I have just this minute had a phone call from my local scrappy offering me £1.70 per kg for un-picked motherboards (apart from just gold fingers trimmed from the edge) , and he said (understandably) that they would be offering me even less for daughter boards.
I underdstand that they have shipping cost's , but does this seem just a little low to anybody else ?
Many thanks and kind regards ,
Chris


----------



## Acid_Bath76 (Oct 18, 2011)

I need to check the exchange rate, but 4.10-4.50 USD/lb seems to be around the market value over here for Motherboards. .636USD=1GBP. 1Kg=2.2lbs

2.2lbs x 4.10 = $9.02 = 5.74GBP. 

If the above is all correct, it seems this guy is trying to bend you over. Have you looked around for the best prices? Chances are you just ran across an unscrupulous dealer. I can't imagine such a large difference in price between us. Then again, I haven't been doing this all that long. I just reread your post, and you mentioned trimming fingers off your motherboard. Can you post a pic of these?


----------



## nickvc (Oct 19, 2011)

Chris there are some bigger players around in the UK who I'm sure would pay more than that but you would have to have volumes to get them to collect I think. If you only have a small amount keep saving until you have a reasonable volume and then borrow a van or large estate car and take a trip to the mainland and deliver your boards in person. Try googling e scrap buyers and see what turns up, I'm sure some of the bigger boys will be on there and then you can make a few phone calls and get a decent price, you never know perhaps you can buy the boards off the scrappy who made the offer to you and make a profit 8)


----------



## kuma (Oct 19, 2011)

Morining guy's , how are tricks today ?
Hope all is well!  



Acid_Bath76 said:


> I need to check the exchange rate, but 4.10-4.50 USD/lb seems to be around the market value over here for Motherboards. .636USD=1GBP. 1Kg=2.2lbs
> 
> 2.2lbs x 4.10 = $9.02 = 5.74GBP.



That's pretty much what I figured , I checked out Boardsort's page then did the same math , I'm sure they're trying to play me on this one. 
Turns out that when they were giving me 90 pence on the kilo for dirty copper (cables and such) others in the u.k. were getting way more. He actualy asked me enthusiasticly yesterday if I could get anymore cable , I'm thinking that they have people in every day with the stuff , so why be so keen for me to bring in more , especialy if it's just a few kg's here and there ? I reckon it's because they're making more than just the odd buck off of me , lol's.
Conversely , I took down to them , picked to the point of utter destruction, 8.5 kg of motherboards and 5.5kg of mixed daughter boards yesterday , and they still gave me £18.60.
They paid me £1.70 per kg motherboards and £1.00 per kg daughterboards.
Either way , those boards were destined for the recycling skip at the dump so quids in on my cr*p , lol's :lol: 
I still have around 100 or so of the un picked motherboards to pull , I'll go through these too before they get their hands on them for £1.70 a kg.
I'll sort out a picture of one of these with the fingers in a mo , :-0)
There is what could be construed as a warning in big letters on their door. Somebody has used a can of spray to change the business name from 'Hunt Brothers' to , well , you can figure that one out! :lol:
Theres only one other scrappy over here (well two , but one is government run and only takes steel which they don't pay for , nowhere else to take it), so I'll get in touch with them to see what the score is. 



nickvc said:


> If you only have a small amount keep saving until you have a reasonable volume and then borrow a van or large estate car and take a trip to the mainland and deliver your boards in person.
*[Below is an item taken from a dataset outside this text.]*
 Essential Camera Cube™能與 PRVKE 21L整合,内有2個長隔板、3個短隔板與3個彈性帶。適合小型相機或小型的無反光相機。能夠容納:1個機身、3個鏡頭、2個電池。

I remember you mentioning that to me a while ago , it's deffinatly an idea that I've toyed with and it would be the perfect excuse to get over there and see my brother!
I already have a van so no worries there! 8) 



nickvc said:


> you never know perhaps you can buy the boards off the scrappy who made the offer to you and make a profit 8)
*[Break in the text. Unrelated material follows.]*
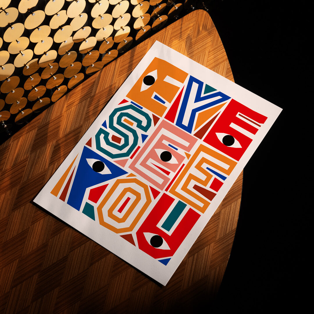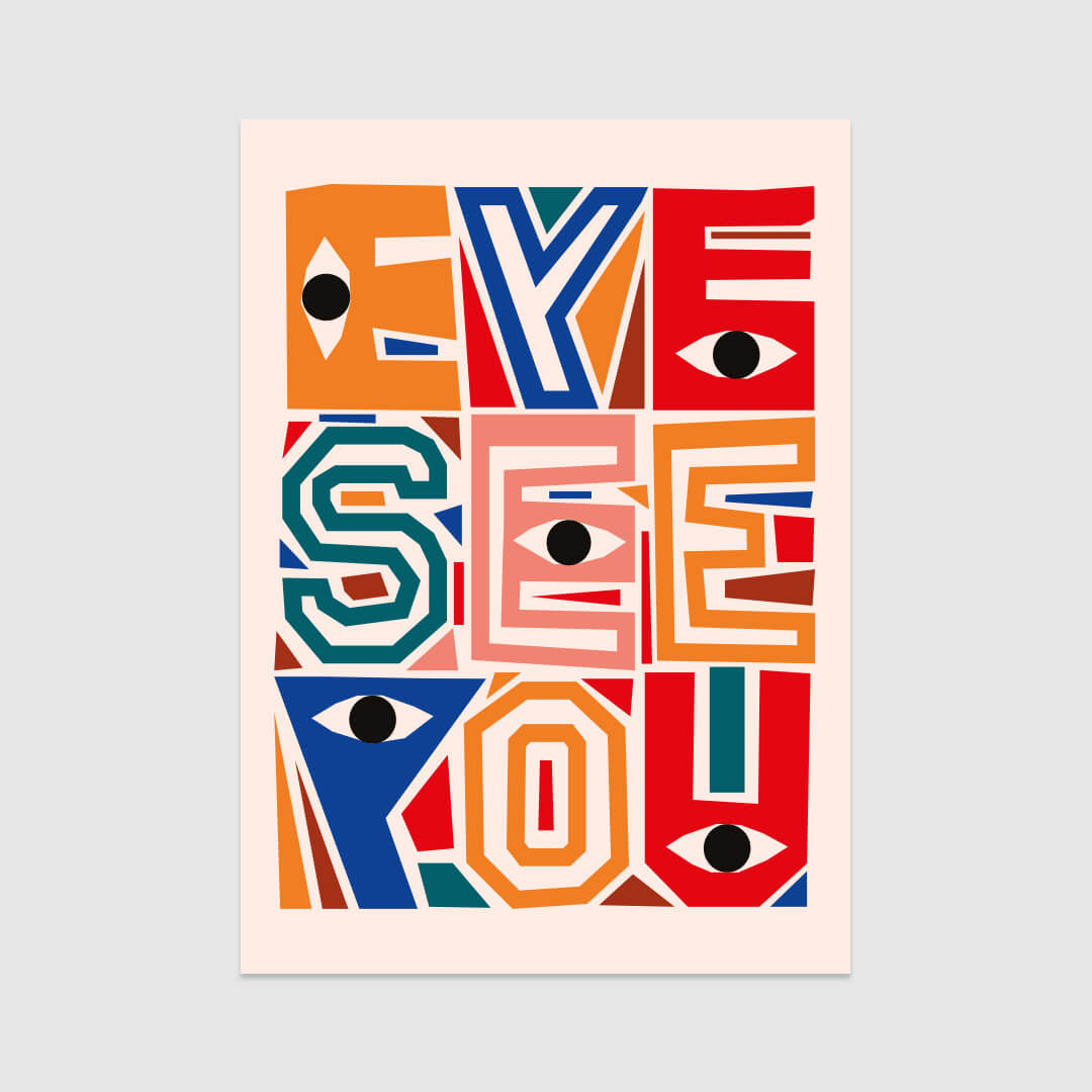 ‘Eye See You’ – A bold graphic statement from the Eyescapes Collection by Redy.Studio. This piece mixes playful typography with eye illustrations, creating a lively, vibrant pattern. Perfect for adding a pop of color and a touch of fun to any room.

Now that's the kind of thinking that puts a smile on my face! 8) :lol: 
My friend and neighbour owns a building firm and has a pretty big lockup thats fairly empty most of the time , for a tenner a month or whatever I'm sure he'll let me take a corner to pile this stuff up , 8) 
Well thanks for the response guys , I'll pull one of those motherboards now and get a picture up :-0)
All the best for now and kind regards ,
Chris


----------



## kuma (Oct 19, 2011)

Hi guy's , I'm sorry but I can't upload any pictures , every time I try I'm just redirected to the old ''cannot display the webpage'' chestnut , lol
I'll keep trying!
All the best for now and kind regards ,
Chris


----------



## kuma (Oct 19, 2011)

Hi guy's , just had a thought , I'll use image shack!
(I'm not the quickest cookie on the tray! :lol: )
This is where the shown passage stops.